== TASK TO CARRY OUT ==
What you give back must match the data exactly, minus the pictures.

Items listed in a dataset
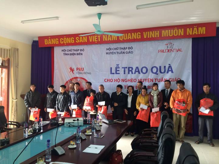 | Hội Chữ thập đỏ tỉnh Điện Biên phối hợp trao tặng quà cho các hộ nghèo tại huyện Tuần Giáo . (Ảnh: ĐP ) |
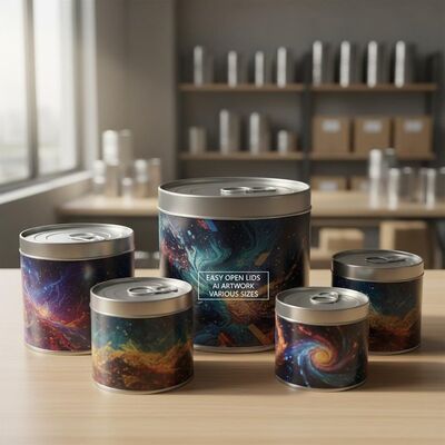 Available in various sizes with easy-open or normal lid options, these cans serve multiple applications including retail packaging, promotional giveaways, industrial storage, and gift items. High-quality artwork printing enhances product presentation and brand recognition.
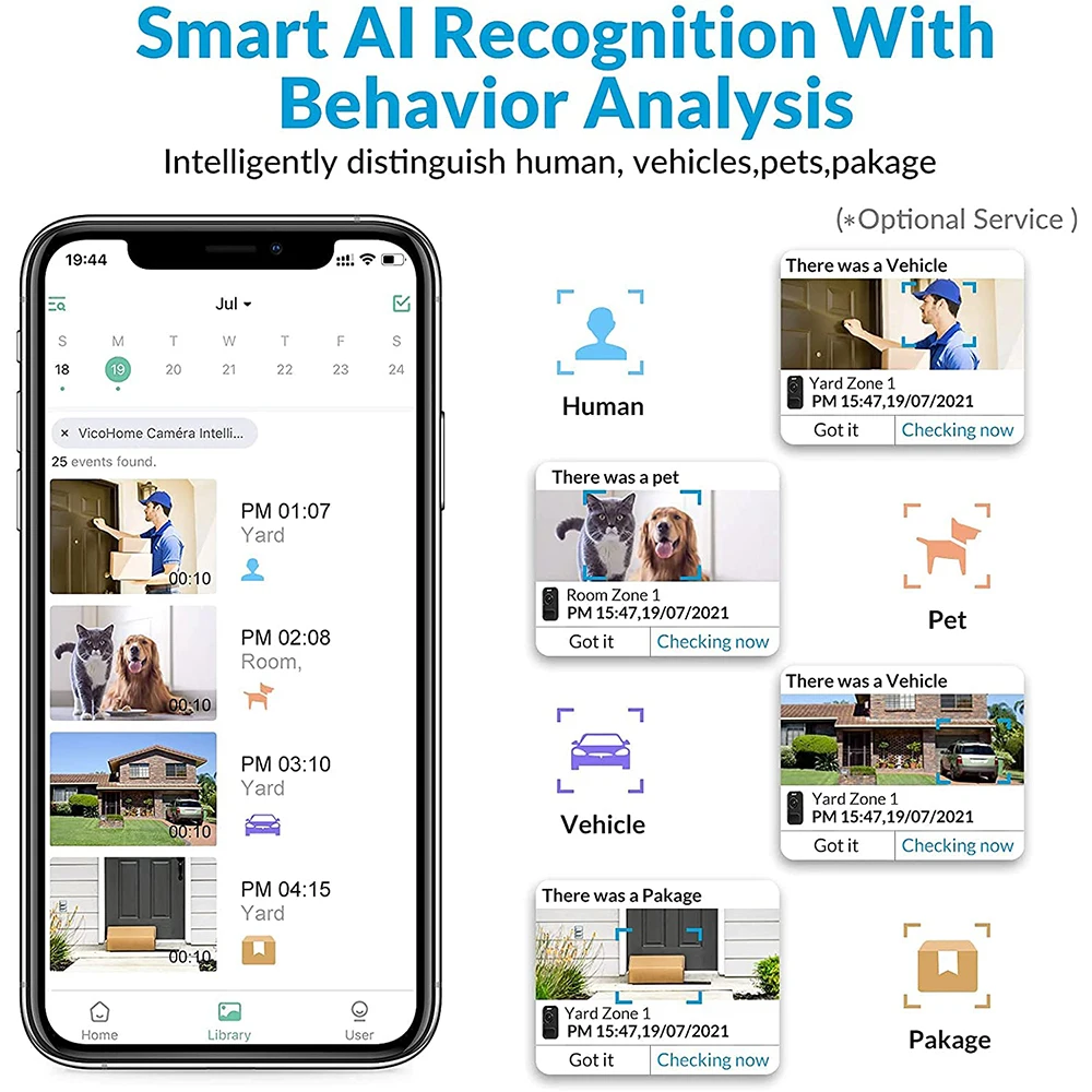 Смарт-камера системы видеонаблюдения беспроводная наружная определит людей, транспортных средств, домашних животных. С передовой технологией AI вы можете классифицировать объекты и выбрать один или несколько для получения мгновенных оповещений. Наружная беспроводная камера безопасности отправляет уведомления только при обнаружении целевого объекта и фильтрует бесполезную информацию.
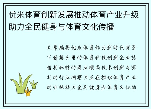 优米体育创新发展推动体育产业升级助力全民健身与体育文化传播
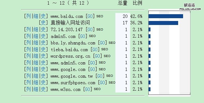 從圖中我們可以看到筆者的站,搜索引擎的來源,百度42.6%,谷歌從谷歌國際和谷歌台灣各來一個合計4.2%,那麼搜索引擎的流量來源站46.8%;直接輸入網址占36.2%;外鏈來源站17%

== ANSWER TO THIS PROBLEM ==
 | Hội Chữ thập đỏ tỉnh Điện Biên phối hợp trao tặng quà cho các hộ nghèo tại huyện Tuần Giáo . (Ảnh: ĐP ) |
 Available in various sizes with easy-open or normal lid options, these cans serve multiple applications including retail packaging, promotional giveaways, industrial storage, and gift items. High-quality artwork printing enhances product presentation and brand recognition.
 Смарт-камера системы видеонаблюдения беспроводная наружная определит людей, транспортных средств, домашних животных. С передовой технологией AI вы можете классифицировать объекты и выбрать один или несколько для получения мгновенных оповещений. Наружная беспроводная камера безопасности отправляет уведомления только при обнаружении целевого объекта и фильтрует бесполезную информацию.
 优米体育创新发展推动体育产业升级助力全民健身与体育文化传播
 從圖中我們可以看到筆者的站,搜索引擎的來源,百度42.6%,谷歌從谷歌國際和谷歌台灣各來一個合計4.2%,那麼搜索引擎的流量來源站46.8%;直接輸入網址占36.2%;外鏈來源站17%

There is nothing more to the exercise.